Venkatesh Panchariya, Ph.D. Candidate 39th cycle, University of Trento, DICAM

Of the earth’s total freshwater resources, groundwater comprises around 30% after the frozen polar freshwater resources (around 68%). Groundwater is a major component of our hydrological cycle, and recent studies have proved its significant contribution (global average of around 55%) in sustaining our rivers during dry periods as baseflow. Thus, groundwater becomes vital in making our rivers perennial and sustaining riverine ecosystems during drought years. It also acts as a buffer during deficit soil moisture conditions, i.e. during agricultural drought years. For irrigation and domestic water needs groundwater has become an important source in Italy.
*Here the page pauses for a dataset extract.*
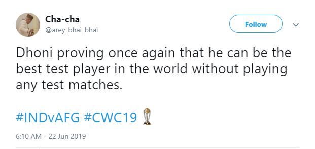 Dhoni has retired from the test cricket but after his slow inning, a fan sarcastically tweeted: "Dhoni proving once again that he can be the best test player in the world without playing any test matches. #INDvAFG #CWC19."

Our attempts to estimate water resources (both surface and sub-surface groundwater resources) are marred with uncertainty (low confidence in estimates compared to the real observations). This uncertainty stems from shortcomings in process-based modeling and inherent complexity (heterogeneity) in our natural environment. This heterogeneity gives rise to the non-linear behavior of various bio-geochemical and physical processes in our environment. Recent advances in data-driven approaches such as machine learning/artificial intelligence (ML/AI) have shown their capability to mimic this non-linear behavior of our environment. However, there lies the risk of ML models drifting from the physical reality in simulating our environment under non-stationary conditions (such as climate change). A hybrid modeling approach attempts to combine the ‘learning’ capabilities of ML models with the process-based models rooted in
physical principles. Thus, it becomes a more robust approach to improving our modeling
capabilities.

The purpose of this study is to follow a hybrid approach to investigate groundwater resources in north-east Italy. Our research group has collated a long period of historical groundwater depth observations for this region of Italy. Using geostatistical techniques and the water-budget approach, we aim to quantify the groundwater storage fluctuations through time. The water budget approach involves estimating recharge and lateral contribution from surrounding mountain aquifers to the plain aquifers, which have been hypothesised to support surface and subsurface water resources in this region during drought years. We intend to use advanced ML
techniques to decipher non-linear relationships between various drivers and groundwater storage that can help predict the future evolution of this critical resource under climate change.

Observations of water resources from satellite missions such as GRACE can be used to constrain and validate regional water budgets. This work can facilitate the sustainable use of groundwater which has become one of the critical natural resources due to increasing human consumption and climate change.